Collected data
******************************
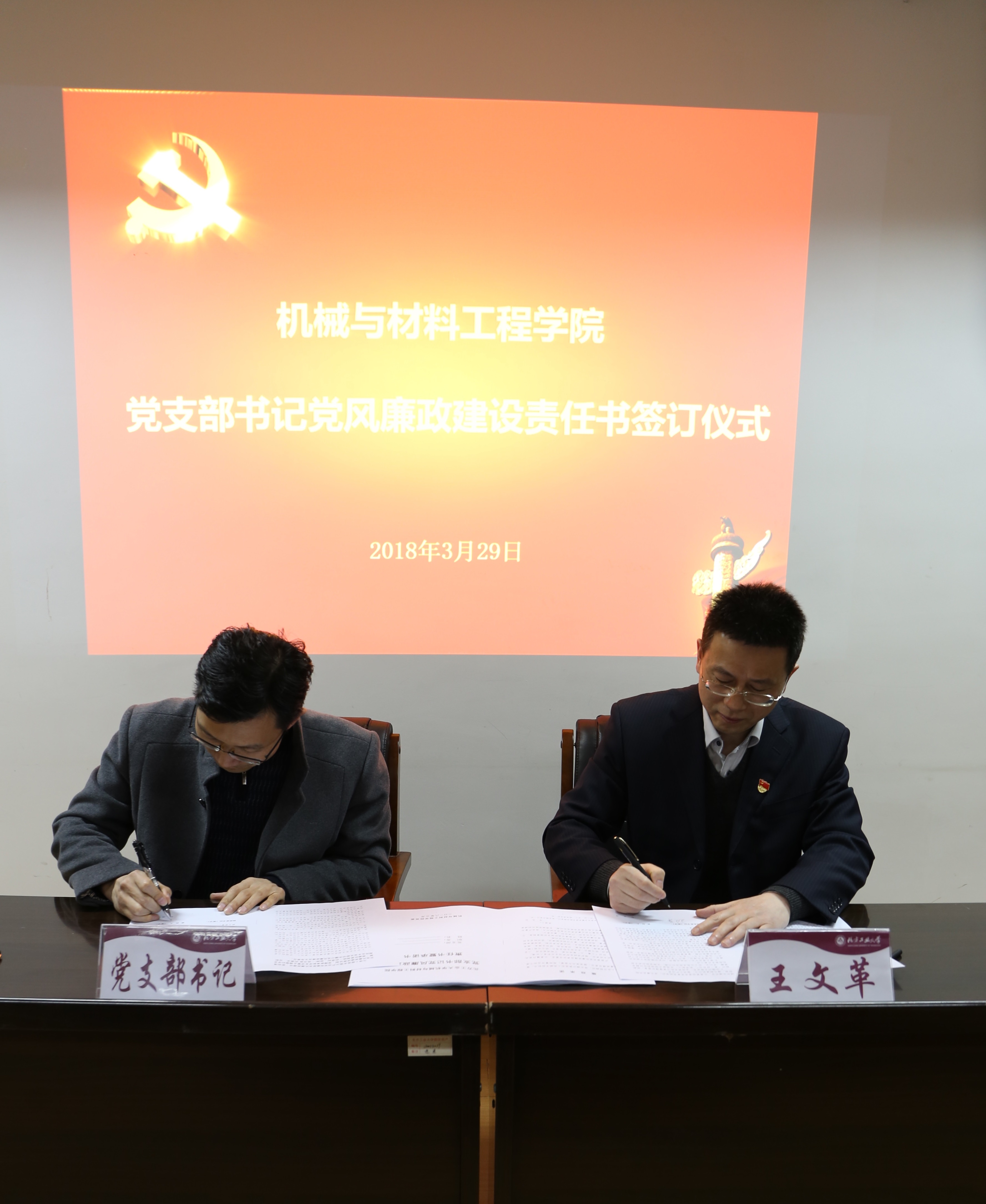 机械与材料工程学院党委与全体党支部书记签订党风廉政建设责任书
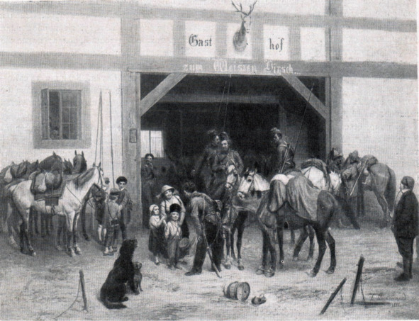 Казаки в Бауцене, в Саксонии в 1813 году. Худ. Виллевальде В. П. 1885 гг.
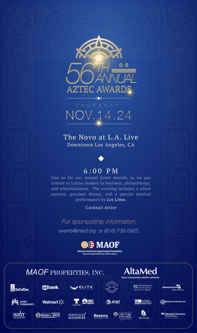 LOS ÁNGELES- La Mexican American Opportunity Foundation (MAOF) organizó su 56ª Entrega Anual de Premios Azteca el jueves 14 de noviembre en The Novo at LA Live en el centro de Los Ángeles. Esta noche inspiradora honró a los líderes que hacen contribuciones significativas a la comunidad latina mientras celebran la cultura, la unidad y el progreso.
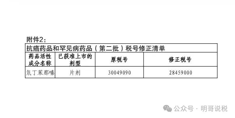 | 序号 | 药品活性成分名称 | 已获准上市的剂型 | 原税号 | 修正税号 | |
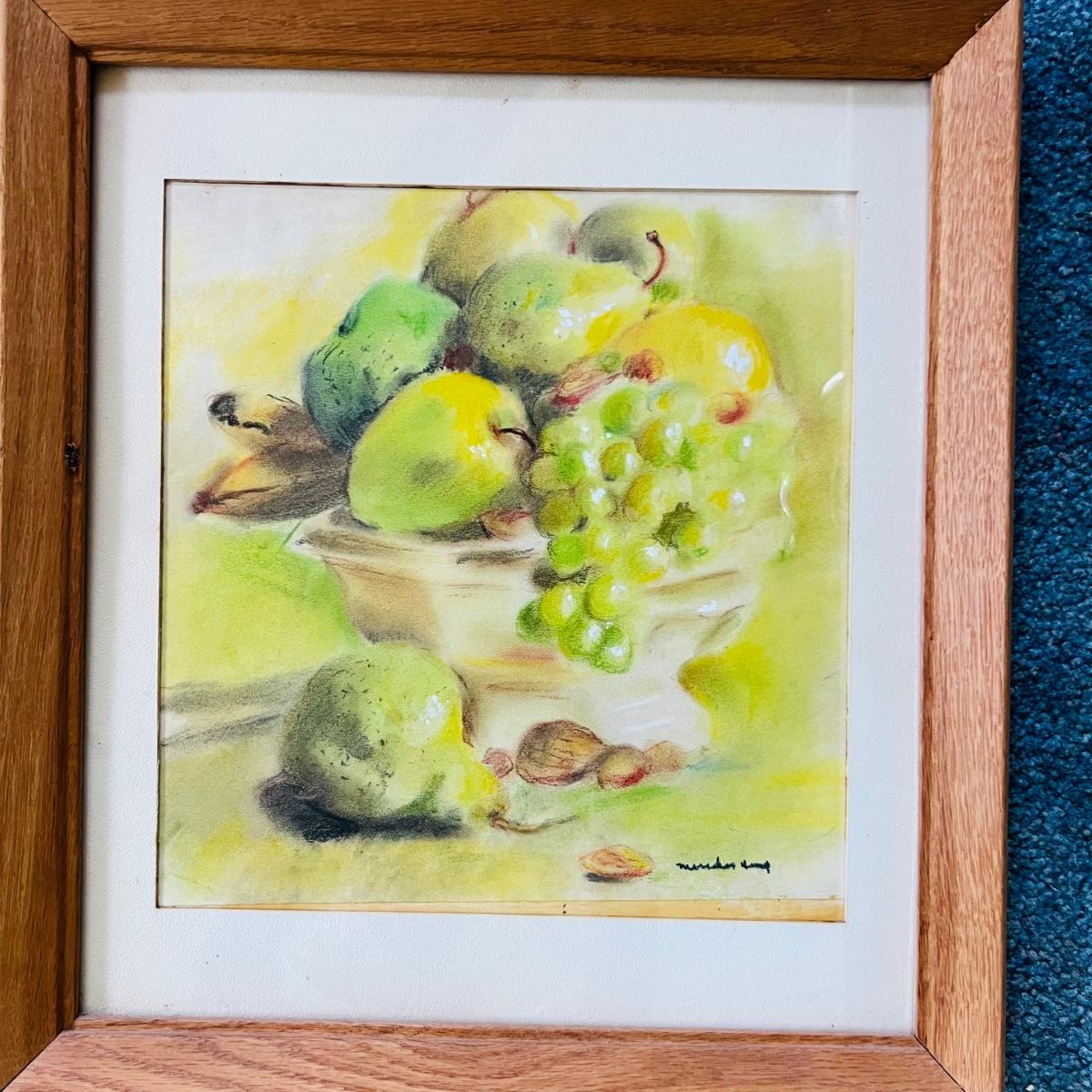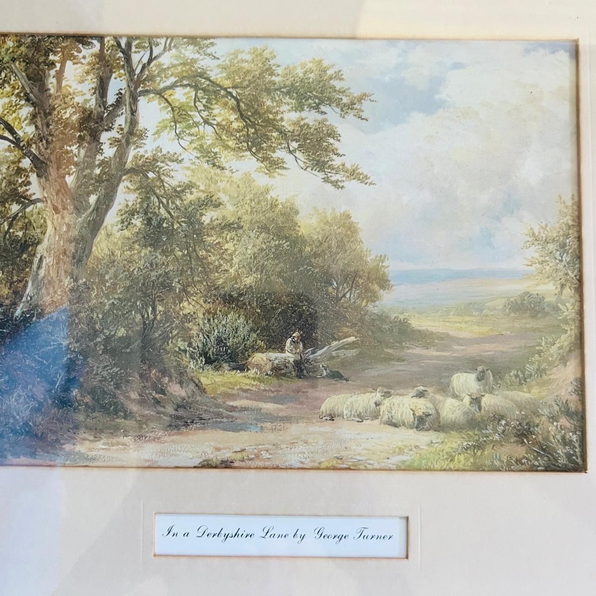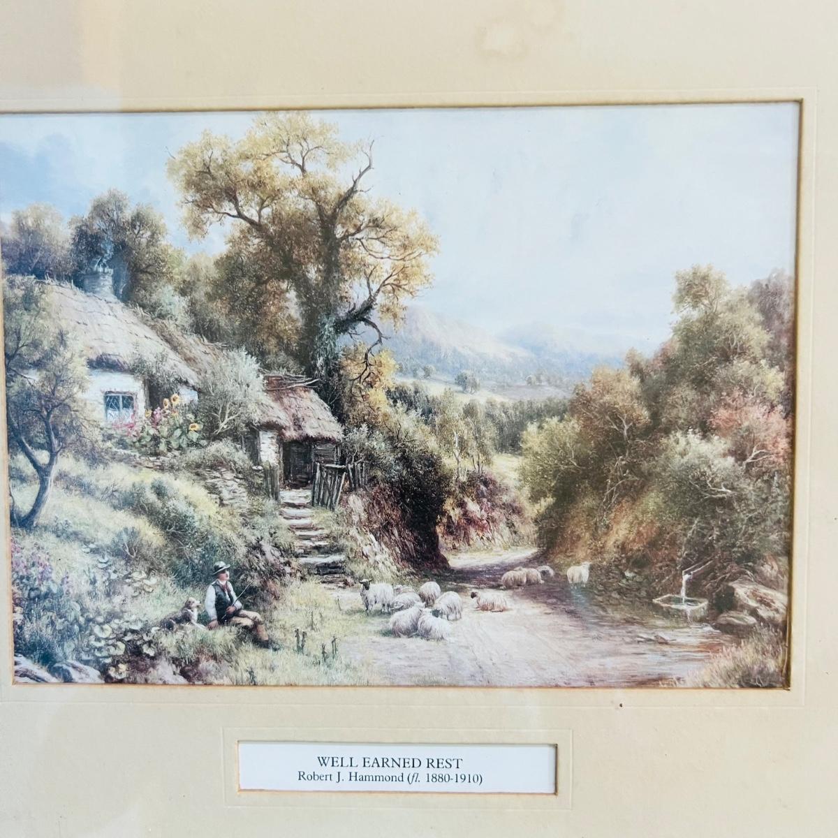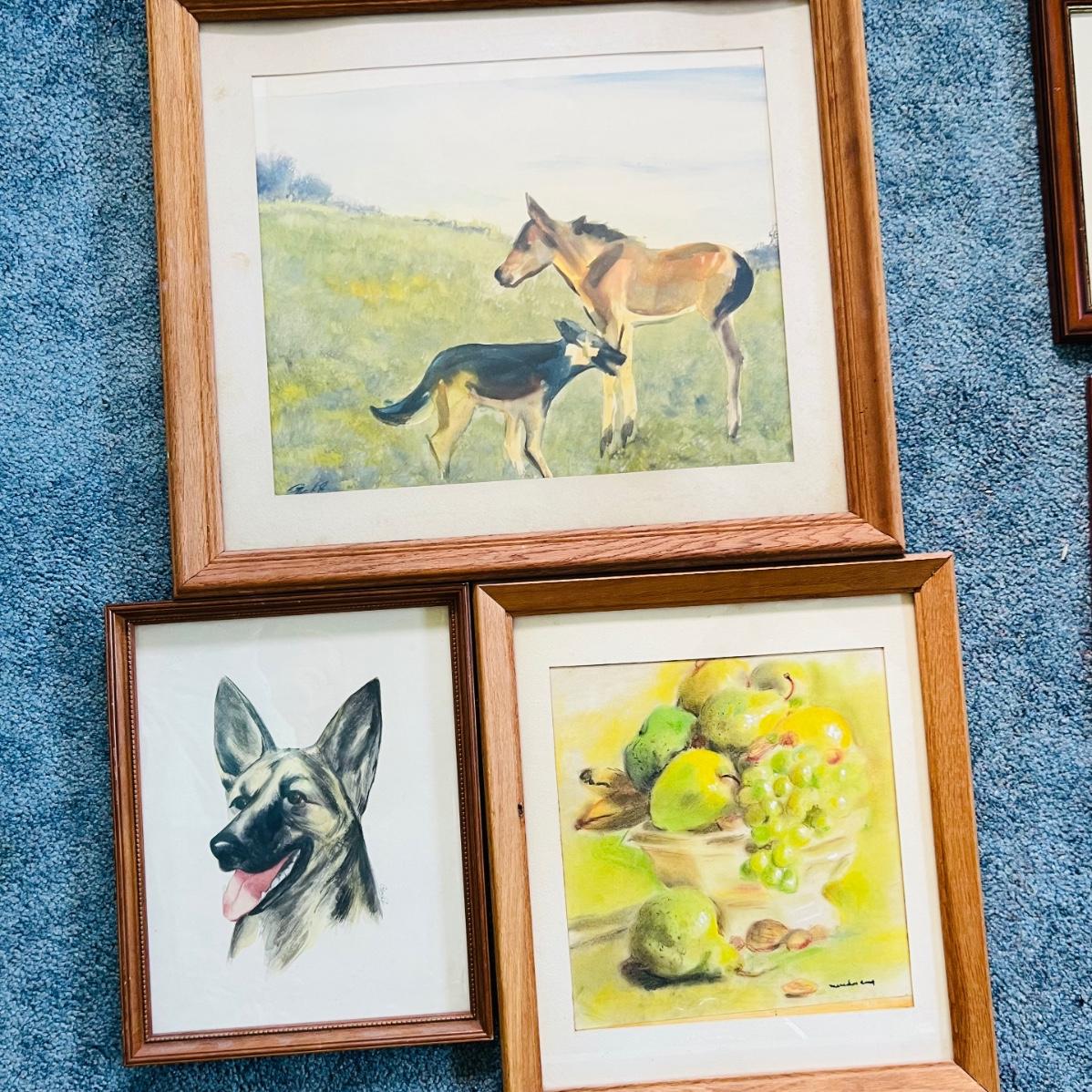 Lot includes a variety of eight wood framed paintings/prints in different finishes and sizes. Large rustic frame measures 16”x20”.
******************************
**Problem:** All entries above are to be restated exactly, with every image omitted.

**Result below:**
 机械与材料工程学院党委与全体党支部书记签订党风廉政建设责任书
 Казаки в Бауцене, в Саксонии в 1813 году. Худ. Виллевальде В. П. 1885 гг.
 LOS ÁNGELES- La Mexican American Opportunity Foundation (MAOF) organizó su 56ª Entrega Anual de Premios Azteca el jueves 14 de noviembre en The Novo at LA Live en el centro de Los Ángeles. Esta noche inspiradora honró a los líderes que hacen contribuciones significativas a la comunidad latina mientras celebran la cultura, la unidad y el progreso.
 | 序号 | 药品活性成分名称 | 已获准上市的剂型 | 原税号 | 修正税号 | |
 Lot includes a variety of eight wood framed paintings/prints in different finishes and sizes. Large rustic frame measures 16”x20”.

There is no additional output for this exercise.